Еще через полминуты из лесу вышел тот самый старик, с которым не так давно мы распрощались за семь километров отсюда. Нисколько не таясь, он шел к машине.

– О, боже, Джон! Что он здесь делает? – зашептала Марта рядом со мной.

Я неотрывно смотрел на старика, поэтому проигнорировал ее вопрос.

– Что у вас случилось? – остановившись возле переднего колеса, как ни в чем не бывало полюбопытствовал он. Смотрел старик прямо на меня, словно заранее знал о нашем укрытии. По всей видимости, он поджидал нас в лесу и наблюдал за тем, как мы в панике прячемся. – Я уже домой шел, но тут подумал, дай-ка проверю, все ли у вас в порядке.

Он врет! Я видел как суетливо бегают его блекло-серые, мутные, будто подернутые пленкой глаза.

– Вы шли за нами? – крикнул я.

– Нет, зачем-же? – хитро щурясь на меня исподлобья, произнес он куда-то в бороду. – Тут короткая дорога есть. – Старик присел рядом с колесом и потрогал шину. Она была уже полностью спущена. – Да-а, вот дела… Ну теперь-то вам точно придется заночевать у меня. Сегодня уже никто не приедет, да вы и не сказали никому, что вы здесь.

Он встал, а я разглядел как неестественно блестят белки его глаз. Старик смотрел на нас с исступленным восторгом, по лицу же его блуждала глуповатая улыбка. Похоже, сложившаяся ситуация сильно его забавляла.

Теперь стало очевидно, что он не просто опустившийся, живущий в лесной глуши отшельник, а действительно сумасшедший. К тому же опасный сумасшедший.

– Зато теперь и выпить можно, а? – радостно потирая ладони, воскликнул он.

– Джон, этот дед совсем свихнулся, – в ужасе прошептала Марта. – И у него ружье.

– Тебе по-прежнему жаль его? – огрызнулся я. – Стой за деревом и не высовывайся. Я попробую его обезоружить, но если что, беги в тот город.

– Нет, не надо, Джон! Он выстрелит! Он же явно чокнутый! – От страха она вцепилась мне в руку.

– И что ты предлагаешь? Стоять тут и выслушивать его безумный бред?

Марта все еще цеплялась за мою руку, когда дед, подозрительно прищурясь, пошел прямиком к нам.

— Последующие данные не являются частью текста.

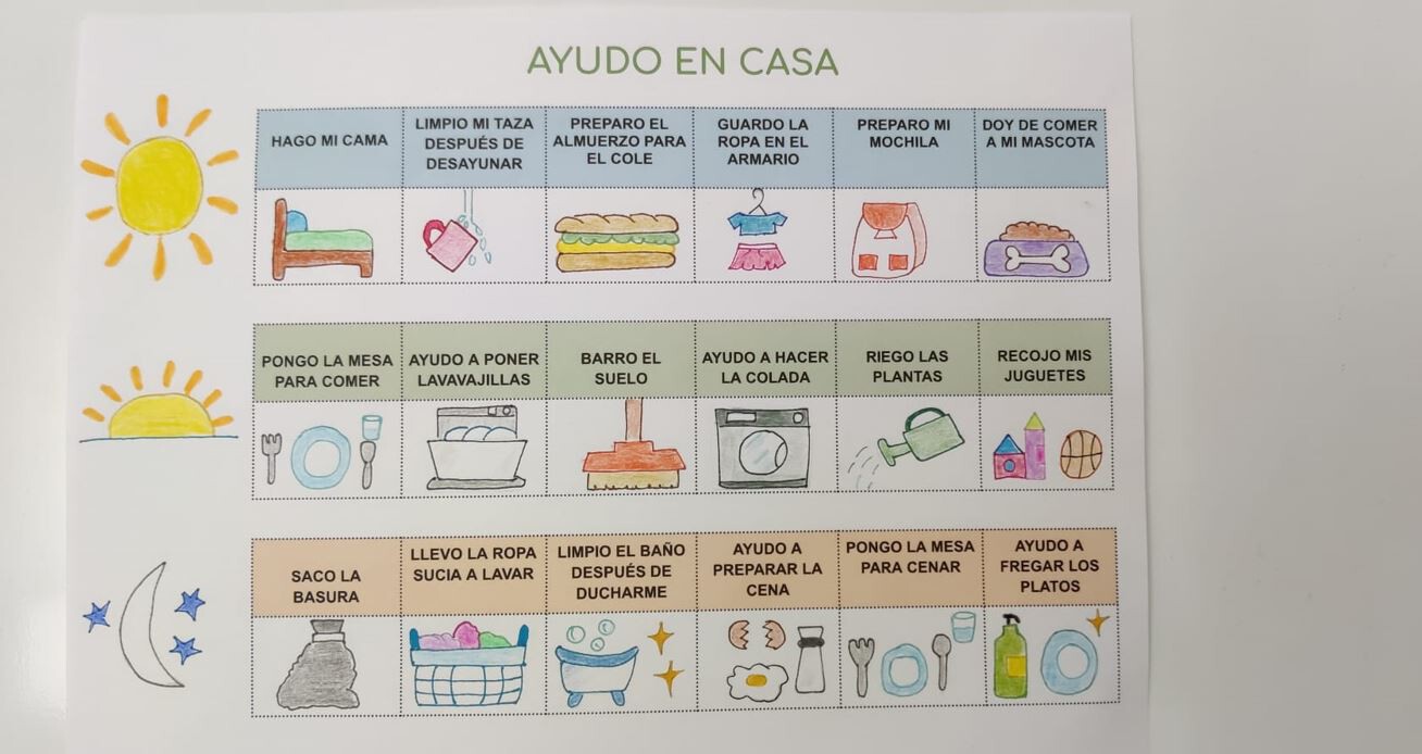 Recomendamos que en la elaboración de la tabla participen los niños, bien sea dibujando, escribiendo el nombre de las tareas o coloreando los dibujos. También podéis idear un sistema de tachado de tareas una vez se vayan completando.
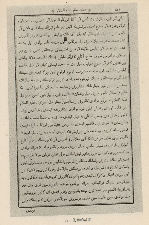 察合臺(tái)文著作。1899年喀山大學(xué)鉛印本。高25.5厘米,寬17.5厘米,共510頁。作者拉布古孜,寫于14世紀(jì)。圖為《先知薩立哈故事》中的一頁。寫的是異教徒們?cè)谀Ч淼闹瓜聦⒁蔀橄戎_立哈的父親卡斯瓦爾關(guān)進(jìn)地牢,天使奉真主之命使他逃出后與妻子見面的故事?,F(xiàn)藏新疆博物館。該書語言豐富生動(dòng),屬哈喀尼耶語(后期回鶻語)和察合臺(tái)語之間的過渡語言,一定程度上反映了當(dāng)時(shí)的口語,是研究維吾爾語言史和文學(xué)史的重要資料。
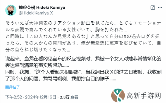 今日,神谷英树发推表示:“我观看了《大神》续作官宣时众多玩家的反应视频,其中一位女玩家非常激动且喜悦,让我十分高兴,但又发现好像在哪里见过她,直到我翻了下X的历史记录时才发现,她曾经问过我一个问题,而我却无礼地骂了她一顿,真想把自己的脖子拧掉啊。”
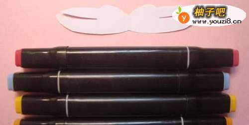 5然后,把棉拖鞋图形的剪纸展平,摆放在桌子上,并选择浅橘色和浅蓝色的马克笔,准备涂上颜色,如下图所示。
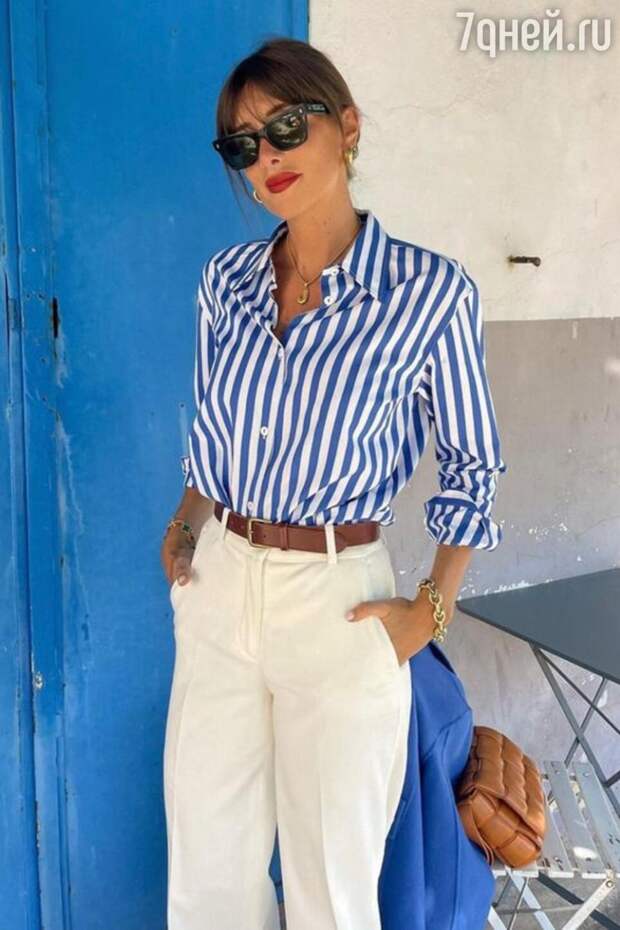 Рубашка в полоску и белые брюки

– Чего вы там шепчетесь? – спросил он.

Ружье он держал в руках, а его вид не оставлял сомнений, что стоит мне допустить малейшую оплошность, как он без раздумий выстрелит. Все это время я удерживал его на прицеле, но сейчас резко передернул затвор и угрожающе крикнул:

– Стой, где стоишь, дед! – Он остановился и сделал то же самое. Теперь и я был у него на мушке, но у меня имелось преимущество в виде дерева, он же находился на открытом пространстве. – Зачем ты проколол нам шины? Совсем из ума выжил?

– Слушай, приятель, опусти-ка ружье. Я метко стреляю, – шепеляво напомнил он. – Думаешь, я не видел, как вы оба скривились, только переступили порог? А как штанишки боялись испачкать и пить отказались? И как баба твоя, сучка надутая, носом ворочала, ты думаешь, я не заметил? Я же со всей душой к вам, рад был гостям! Думали, я старый, значит ничего не услышу? А не-е-ет! Я все слышу! И все вижу!

Он шагнул вперед, а я закричал:

– Стой на месте, старый болван! Еще шаг и я вышибу тебе мозги!

В моей голове происходила нешуточная борьба. Я отлично осознавал, что он опасен, но одно дело стрелять в мертвую тварь и совсем другое в живого, пусть и свихнувшегося человека. В ответ на мою угрозу он неожиданно подчинился и ставшим вдруг плаксивым голосом горячечно запричитал:

– Все вокруг разъехались или превратились в выродков… Поселок сожгли, в городе никого не осталось… Я тут совсем один теперь… Даже друг, и тот в нежить превратился! Пришлось и ему башку прострелить!

Его заросшая физиономия искривилась страдальческой гримасой, будто он готовился вот-вот заплакать.

– Послушай, дед, уйди с дороги. Нам не нужны неприятности, – успокаивающим тоном проговорил я, но он не слушал.

От моих слов взгляд его сделался жестким, наполнился мелочной злобой. С желчью в голосе он закричал:

– Я же по-хорошему к вам! Ну посидели бы, выпили, да и отпустил бы вас поутру с богом…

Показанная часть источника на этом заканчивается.